Document Conversion
The document conversion API endpoint /conversion
allows you to convert an unstructured PDF of payroll data or financial statements (balance sheet, income statement) in to structured data suitable for financial spreading and evaluation.
The conversion API operates asynchronously, in order to be notified when a conversion is complete you’ll want to setup a webhook listener for the document_conversion_complete
event.
To use the conversion API you perform a multipart/form-data
POST to the /conversion
endpoint with the following keys:
There is a Postman tutorial for document conversion with example responses on this page.
POST Request Table of Keys:
Keys | Required | Type | Definition |
---|---|---|---|
document | yes | binary | The PDF document to convert |
type | yes | string (text in Postman) | either |
url | no | string (text in Postman) | The URL the PDF was downloaded from. This additional hint helps the conversion process and will result in a higher chance that we can convert the document |
In response to this request you will receive a document processing ID
which can be used to track the status of this conversion via requests to the /conversion/id
endpoint, where "id" is the numeric id.
When the conversion is completed a webhook notification will be sent. You may also poll the /conversion/id endpoint though this is not recommended
Once the document has been converted a GET request can be sent to /conversion/id endpoint with the following keys:
GET Request Table of Keys:
Keys | Required | Type | Definition |
---|---|---|---|
id | yes | integer | The document processing identifier |
format | yes | string | Either |
You also need to send an accept header with a value of application/vnd.openxmlformats-officedocument.spreadsheetml.sheet
to get an Excel output as opposed to JSON.
Status and Rating Table:
In both the GET and POST requests, you will see a status
key in the response.

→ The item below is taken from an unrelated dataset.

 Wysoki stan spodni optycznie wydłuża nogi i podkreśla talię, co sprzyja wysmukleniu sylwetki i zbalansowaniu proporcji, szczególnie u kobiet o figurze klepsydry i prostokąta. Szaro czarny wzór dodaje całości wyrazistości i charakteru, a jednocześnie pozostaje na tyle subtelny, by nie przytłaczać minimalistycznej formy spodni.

In only the GET request, you will see a rating
key.
Key | Description |
---|---|
status (GET and POST) | “new” status means the document has not yet been processed. “done” status means the document has been processed “not processable” status means the document could not be converted. Please ensure you entered the correct file and file type during the POST request. |
rating (GET) | “A” rating means the document has both basic processing and extract information; “C” rating means document has only basic processing information; “F” rating means there is no processing information available for this document; “NA” means a rating is not applicable to this type of document if the status is “done” or if the document is still being processed. |
Flowchart of Steps
Using Postman for Document Conversion
Please download the OpenAPI specification found here.
After you have downloaded and imported the provided OpenAPI specification to Postman, you may start making requests through the API. Follow this tutorial on converting a financial statement from pdf to excel file.

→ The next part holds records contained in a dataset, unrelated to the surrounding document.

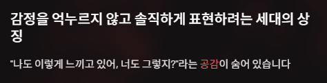 오히려 마음을 억누르지 않고 솔직하게 표현하려는 세대의 상징이에요.
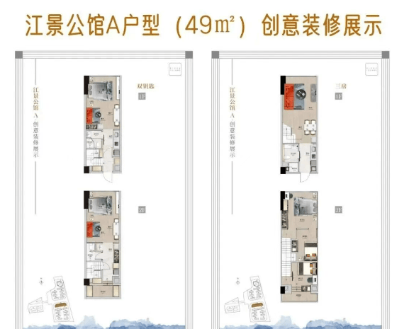 国科众安・江屿大观在户型设计上注重多样性和实用性,满足不同人群的需求。其中,江景公馆为建面约 38-50㎡的精装 LOFT 公馆,拥有约 4.5 米挑高层高,与江山叠院享受同等配套,视野开阔,空间可灵活改造,无论是作为城市新贵的居住场所,还是用于办公、投资,都十分合适。江山叠院则为建面约 160-190㎡的大户型,仅为 156 位峯层人物典藏,设计有独立入户大院空间、挑高地下室以及顶层 270° 景观露台,融合院区纯粹与叠院隐逸价值,实现 “一层一世界” 的居住体验,同样适用于办公、投资和居住,为追求高品质生活的人群提供了优质选择。
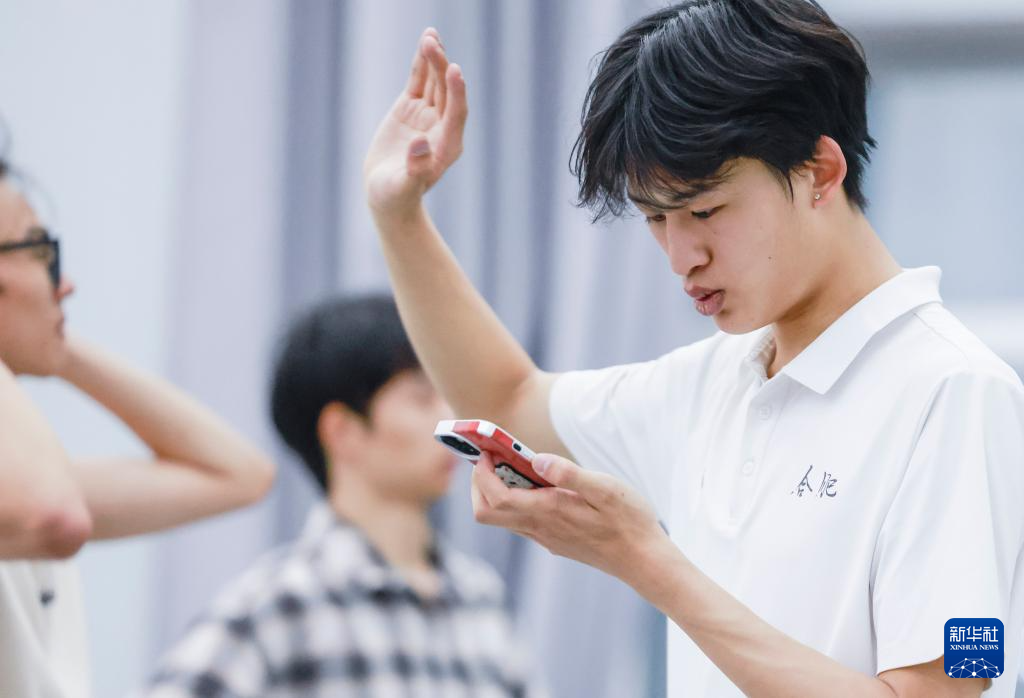 4月14日,罗昊在排练群舞《阳光下的麦盖提》间隙观看手机视频纠正自己的舞蹈动作。
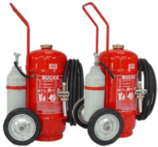 - EXTINTOR PÓ QUÍMICO ABCExtintor de incêndio sobre rodas, com carga de pó químico à base de monosfato de amônio - pó especialmente indicado para fogos ABC. Fabricado de acordo com a ABNT NBR 10721, em chapa de aço carbono (SAE 1010/1020). A sua pressurização é feita através do cilindro de nitrogênio (N2), em aço carbono SAE 1541 com válvula ABL de abertura lenta, em latão forjado com rosca NGT 3/4" e 7/8" e disco de segurança para não romper a pressão. |
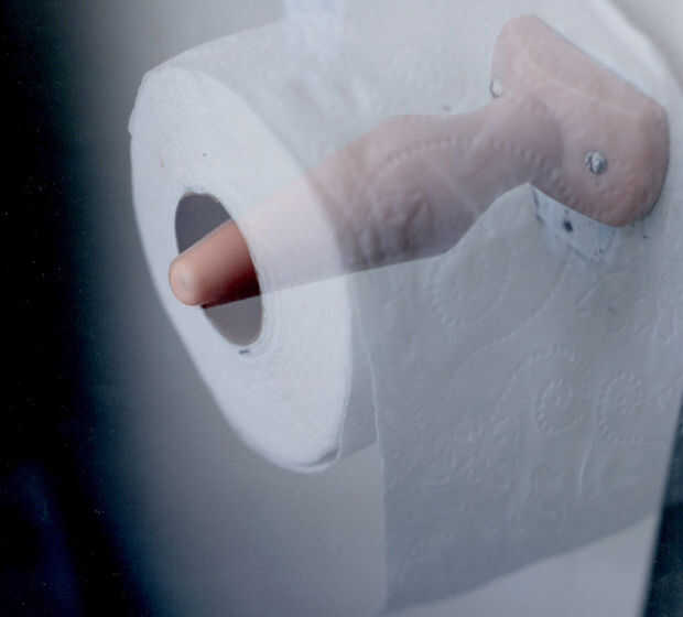Aprendí esto de un compañero de trabajo que había miedo a su hija adolescente con él. Se trata de una simple broma que se puede hacer rápidamente y en cualquier lugar puede encontrar papel higiénico (o toallas de papel). Simplemente es dibujar una ar

Step 1: Locate POST Request
After clicking the Collections tab, you may click Boss Insights to drop down the available endpoints. There you will see conversion.

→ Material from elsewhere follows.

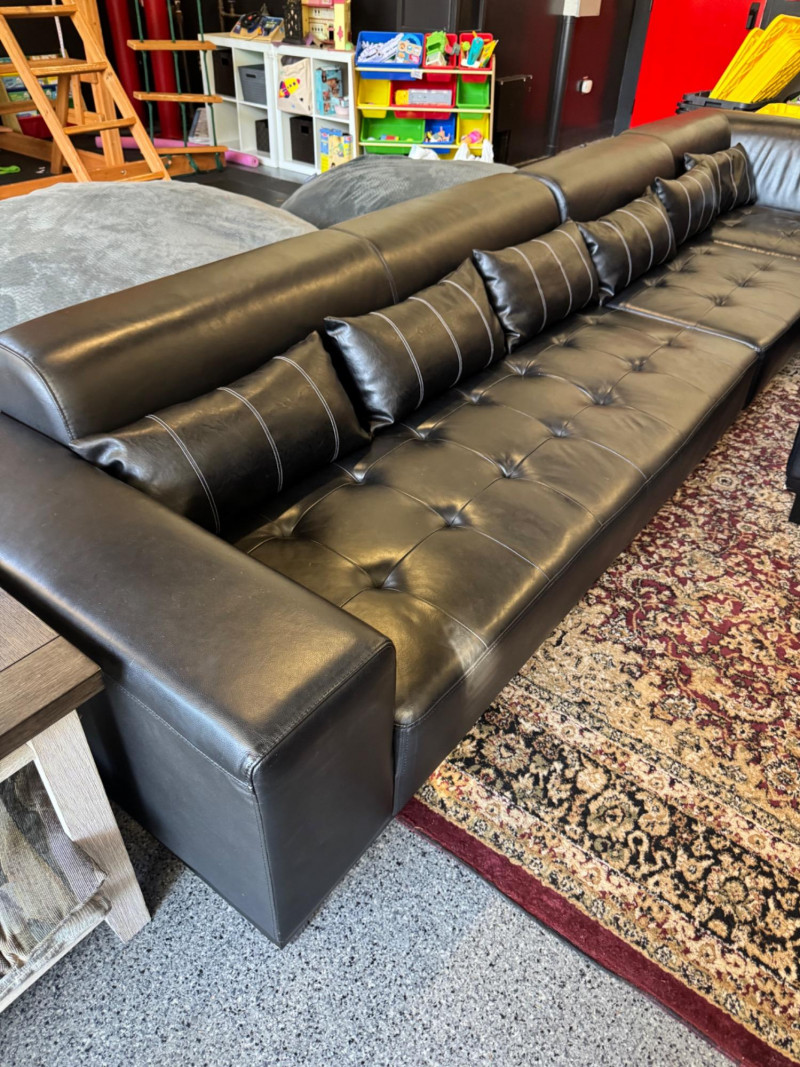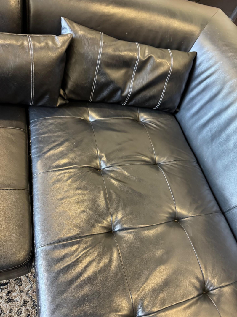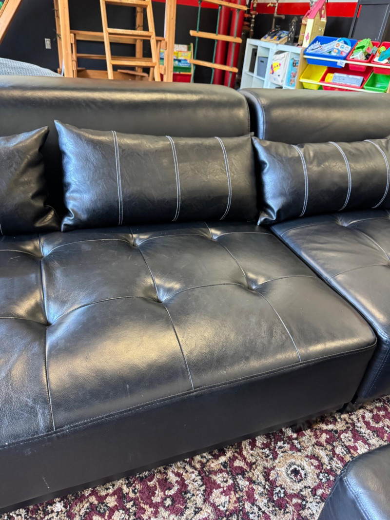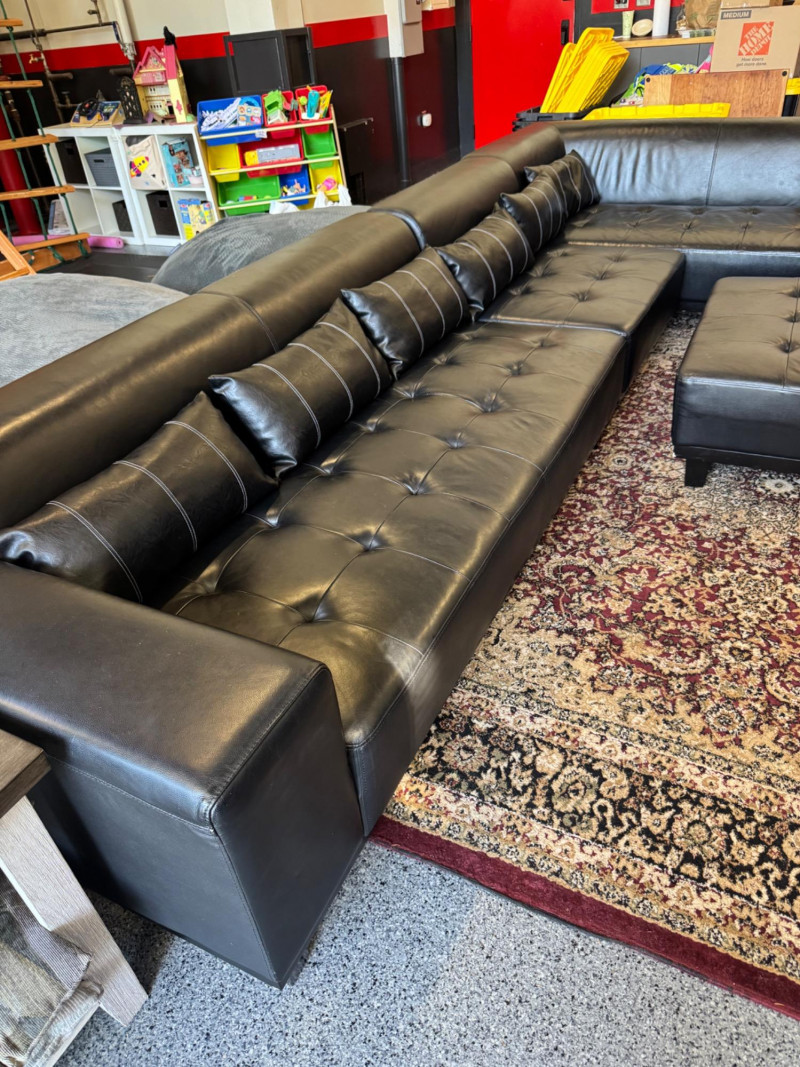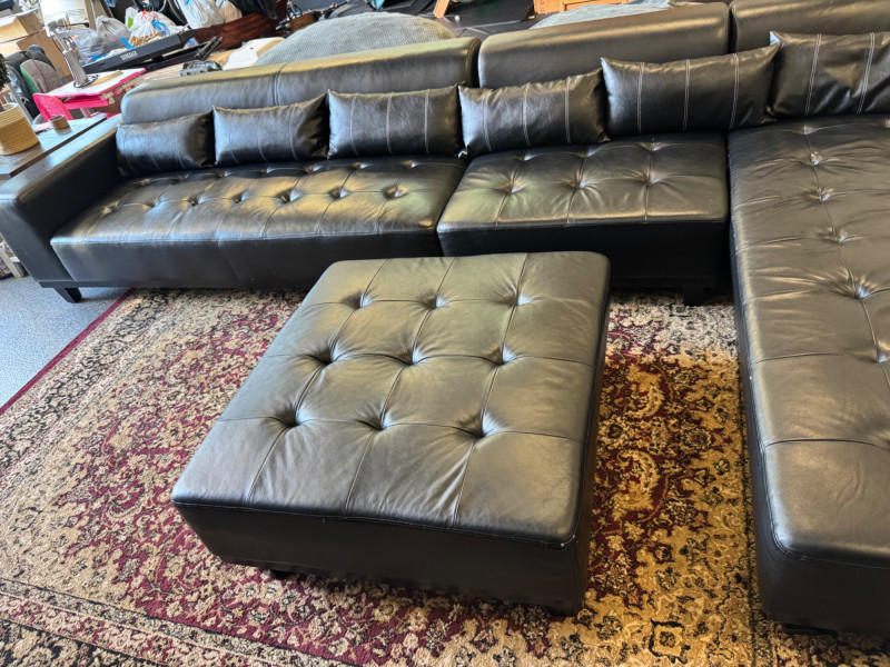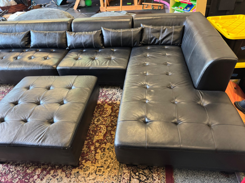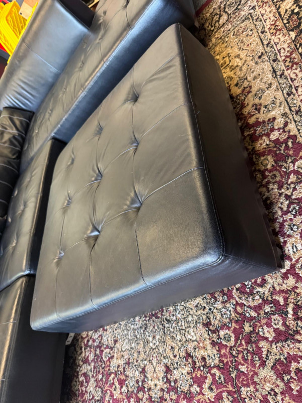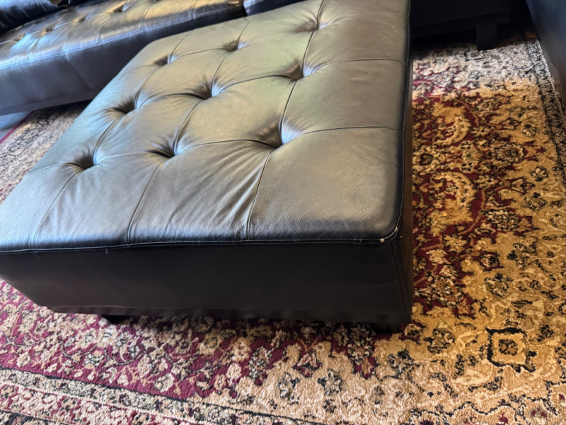 XL Tufted Black Leather Sectional Sofa w/ Ottoman. Dimensions: Sofa Total Length: 159 inches (long side) x 80 inches (short side) Seat Height: 15 inches tall Seat Back Height: 28.5 inches tall Ottoman: 36 inches x 38 inches (top dimensions), 15 inches tall Condition: Leather is worn on one section of the sofa. One leg shows wear/chipping. Refer to images for specific condition details. Bidding on this lot is an agreement that: (1.) You will have at least 2 capable, able bodied persons to lift and load at a minimum. (2.) You will bring a hand truck and/or any other tools needed to remove this item. If these steps are not followed your item will be forfeit and no refund given. 🚚 Auction Pickup Reminder:

Under conversion, there are three requests. The first GET request will list all documents that have already been converted. The POST request is used for file conversion and the last GET request is used to retrieve the converted document. Please select the POST request.
Step 2: Enter Key Configurations (POST)
Next, please ensure that the form-data radio button is selected (1) and the three variables from the chart above have been entered (2). By default the type for these variables will be “text”.
We need to change the type of the document key to file. This can be done by hovering over document
, clicking the carrot/dropdown symbol that appears (3) and changing the type from text
to file
(4). When you select file, the Value cell to its right will show a button the says “Select Files”.
Step 3: Upload The File For Conversion (POST)
Next, you need to enter in the values, please refer to the chart above for values (1). Below are sample values. Please note that in the image, the pdf file is a payroll report and therefore the the type
is payroll-report
. You may then click send (2).
Below is a sample response you may receive. Please take note of the id
number as this is what will be used to retrieve your converted file. :
{
"status": "new",
"type": "payroll-report",
"url": "http://www.gusto.com/",
"file": "payroll-example.pdf",
"id": 9
}
Step 4: Retrieve Your Converted File (GET)
If you have set up a Webhook, you will receive a notification when the file is ready to be retrieved. If not you may poll the conversion/id endpoint, although this is not recommended. To retrieve the file, please go to the third request under the collections dropdown, a GET request (1).
Next, please add the format
key as shown in the second table above (2). Then, set value pair to either data or pages (3). Next, add the ID from the previous step (4). Finally, you may hit send (5).
Below is a sample response you may receive. For an explanation on “status” and “rating” keys, please see the third chart above:
{
"status": "done",
"type": "payroll-report",
"url": "http://www.gusto.com/",
"file": "payroll-example.pdf",
"id": "9",
"created": "2023-05-09 21:54:06",
"rating": "A"
}
Step 5: Download Your File:
To download your converted file, please click the code block icon in the rightmost navigation bar on the Postman interface (1). Please select cURL from the dropdown menu (2). Finally, you may follow the link provided to download the file, this is outlined in blue in the image below (3).
You’ve successfully converted a pdf file and downloaded it!